I have heard no arguments from the Bush administration that come even close
to convincing me that a war now with Iraq would be a just war. The public
opinion polls make clear that Americans see Saddam Hussein as a bad person.
But they also make clear that, even if Iraq does possess weapons of mass
destruction, a strong majority of Americans cannot see justice in the expenditure
of American and other lives to unseat him in a pre-emptive way. Political
moderates among us must speak out loudly and persistently, so that the administration
cannot cast opposition to such a war as in any way a politically extreme
position. We should make it clear that continued pursuit of the policies
on which our president has embarked, in light of such strong and broad-based
popular opposition, is political suicide. I pray that the president does
not have to learn that lesson directly because, if he does, thousands of
Americans and perhaps hundreds of thousands of Iraqis and others will have
died for no just reason.
In addition, by undertaking huge and unnecessary expenditures to finance
a war with Iraq which must necessarily divert federal funds from critical
social and educational programs, by introducing a proposal for a further
highly regressive federal tax cut that will force even larger cuts in our
federal social safety net, by weighing in as it has in the affirmative action
case against the University of Michigan currently before the Supreme Court,
and by attacking head on the hard won rights of women to reproductive freedom,
this administration shows a hard fist instead of the compassion and commitment
to justice, inclusion, and fairness of its political rhetoric. Where indeed
would the president be today, as Frank Rich suggested in Saturday’s
New York Times, without the affirmative action policy at Yale that favors
admission of the children of wealthy alumni? I do not believe the president
is remotely in tune with mainstream America on these issues. His war posture
and his tax policy are bad, not good, for business, and the St. Lawrence
alumni I talk to around the country—especially those involved in international
business—believe he is making a huge mistake. If he persists, we must
turn him out of office.
Make no mistake. We live in very dangerous times. But a great deal of the
danger we are in is because we—that is you, I and hundreds of thousands
of others—are not standing up to the political machine our president
has put in place. Martin Luther King, Jr. worried that he was a coward, but
there is absolutely no doubt that he had the courage to speak truth to power.
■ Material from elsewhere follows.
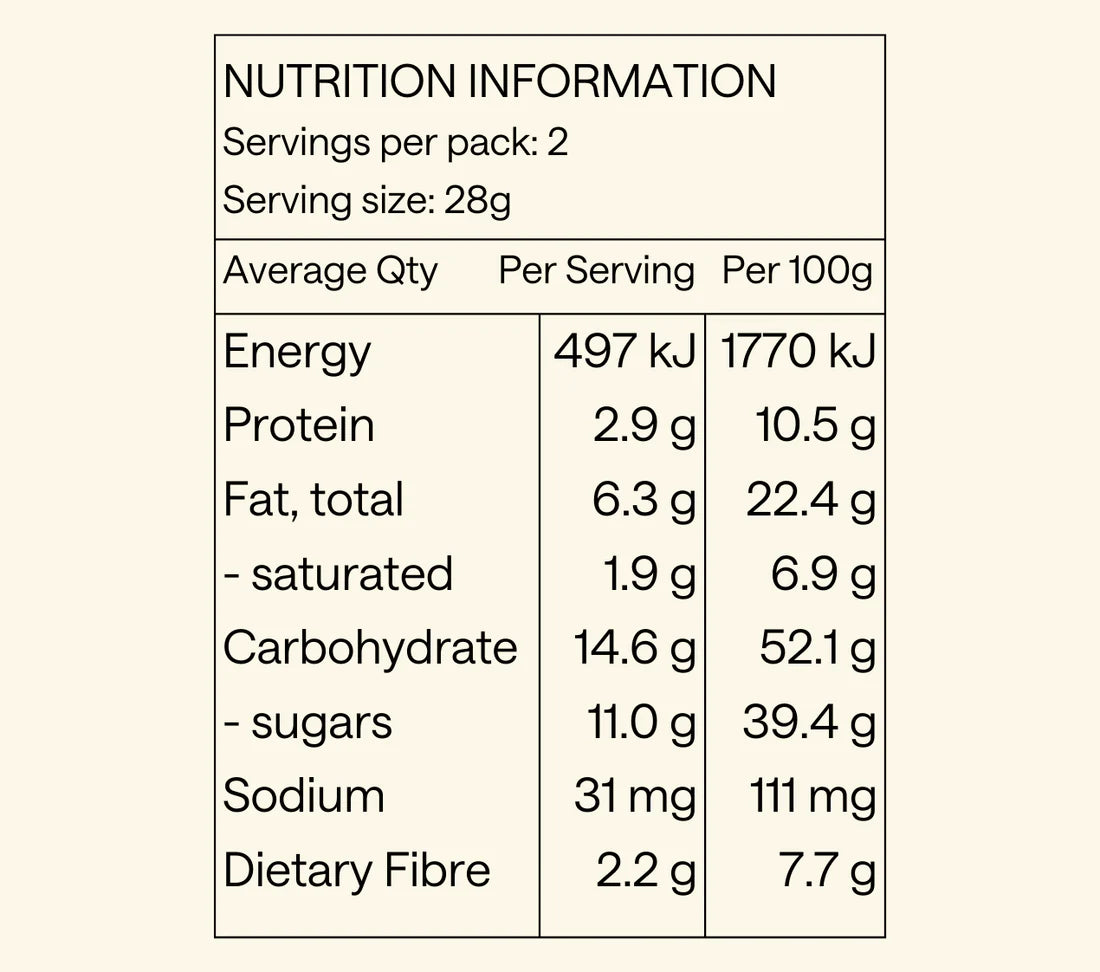 Medjool Dates*, Australian grown Peanuts*, Cacao Paste*, Date Powder*, Cacao Butter*, Tasman Sea Salt. Contains Peanuts. May contain traces of tree nuts. *Organic

Each of us in our own way, guided by our own consciences, must do the same.
It is with a heavy heart that I feel I have to speak to you on these matters.
They require far more development than I have been able to accomplish in
these short remarks. None of this is simple. But I pray for a change of direction,
and I wanted to share my growing worry about our country. I could not do
otherwise on this day. I thank you for listening.